**WHAT TO DO**
Retype word for word the stretch of entries below from the line that has "New furniture with" through the line that has "Notice the emphasis", and omit the pictures.

**INFORMATION SHOWN**
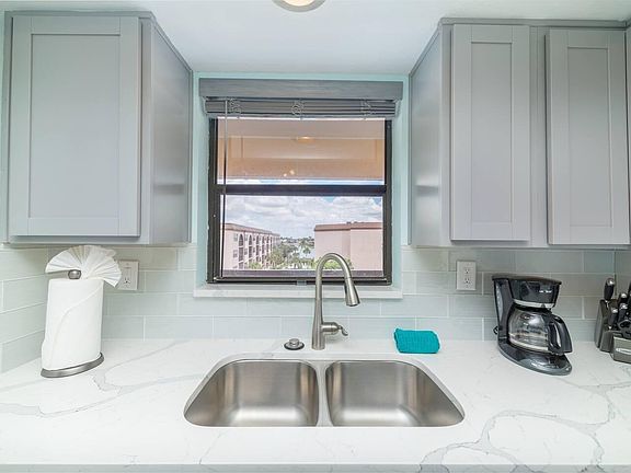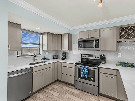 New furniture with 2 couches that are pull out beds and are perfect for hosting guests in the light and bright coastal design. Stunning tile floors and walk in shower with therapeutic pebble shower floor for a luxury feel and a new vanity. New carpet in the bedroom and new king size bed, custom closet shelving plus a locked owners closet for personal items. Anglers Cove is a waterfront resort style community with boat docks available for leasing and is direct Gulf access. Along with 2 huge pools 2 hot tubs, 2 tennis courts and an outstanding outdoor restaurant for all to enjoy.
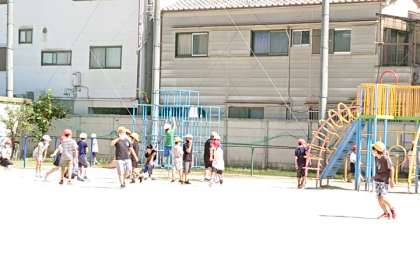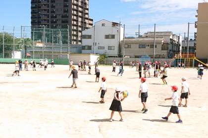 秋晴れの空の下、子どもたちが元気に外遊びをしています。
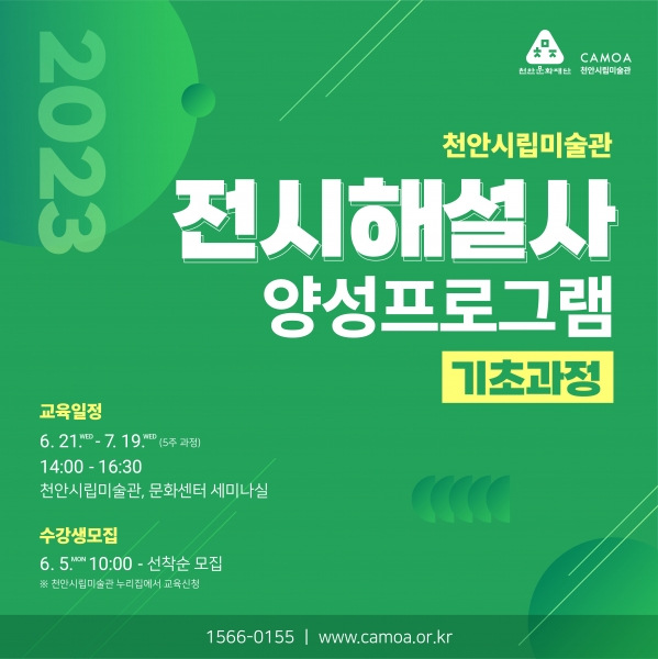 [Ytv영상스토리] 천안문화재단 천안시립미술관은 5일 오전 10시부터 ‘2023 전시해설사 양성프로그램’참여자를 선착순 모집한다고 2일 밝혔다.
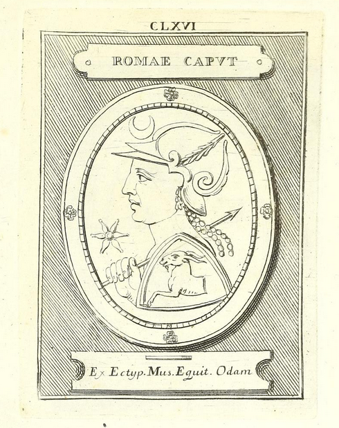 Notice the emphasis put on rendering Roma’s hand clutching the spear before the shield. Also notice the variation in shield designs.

--

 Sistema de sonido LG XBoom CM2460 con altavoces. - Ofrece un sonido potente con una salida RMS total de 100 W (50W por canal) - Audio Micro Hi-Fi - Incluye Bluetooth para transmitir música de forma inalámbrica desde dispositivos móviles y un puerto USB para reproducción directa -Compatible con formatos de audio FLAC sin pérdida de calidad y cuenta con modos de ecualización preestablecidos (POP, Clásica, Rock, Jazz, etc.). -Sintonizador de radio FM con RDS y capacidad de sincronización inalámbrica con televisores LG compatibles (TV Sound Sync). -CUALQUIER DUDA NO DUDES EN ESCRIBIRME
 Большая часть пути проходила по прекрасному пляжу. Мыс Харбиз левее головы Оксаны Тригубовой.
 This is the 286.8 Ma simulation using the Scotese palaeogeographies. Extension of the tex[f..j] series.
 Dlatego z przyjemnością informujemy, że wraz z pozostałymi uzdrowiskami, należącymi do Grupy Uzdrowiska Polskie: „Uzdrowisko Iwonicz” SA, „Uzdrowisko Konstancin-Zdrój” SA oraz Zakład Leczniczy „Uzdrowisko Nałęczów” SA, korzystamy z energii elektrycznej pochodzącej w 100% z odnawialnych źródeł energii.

**ANSWER SECTION**
 New furniture with 2 couches that are pull out beds and are perfect for hosting guests in the light and bright coastal design. Stunning tile floors and walk in shower with therapeutic pebble shower floor for a luxury feel and a new vanity. New carpet in the bedroom and new king size bed, custom closet shelving plus a locked owners closet for personal items. Anglers Cove is a waterfront resort style community with boat docks available for leasing and is direct Gulf access. Along with 2 huge pools 2 hot tubs, 2 tennis courts and an outstanding outdoor restaurant for all to enjoy.
 秋晴れの空の下、子どもたちが元気に外遊びをしています。
 [Ytv영상스토리] 천안문화재단 천안시립미술관은 5일 오전 10시부터 ‘2023 전시해설사 양성프로그램’참여자를 선착순 모집한다고 2일 밝혔다.
 Notice the emphasis put on rendering Roma’s hand clutching the spear before the shield. Also notice the variation in shield designs.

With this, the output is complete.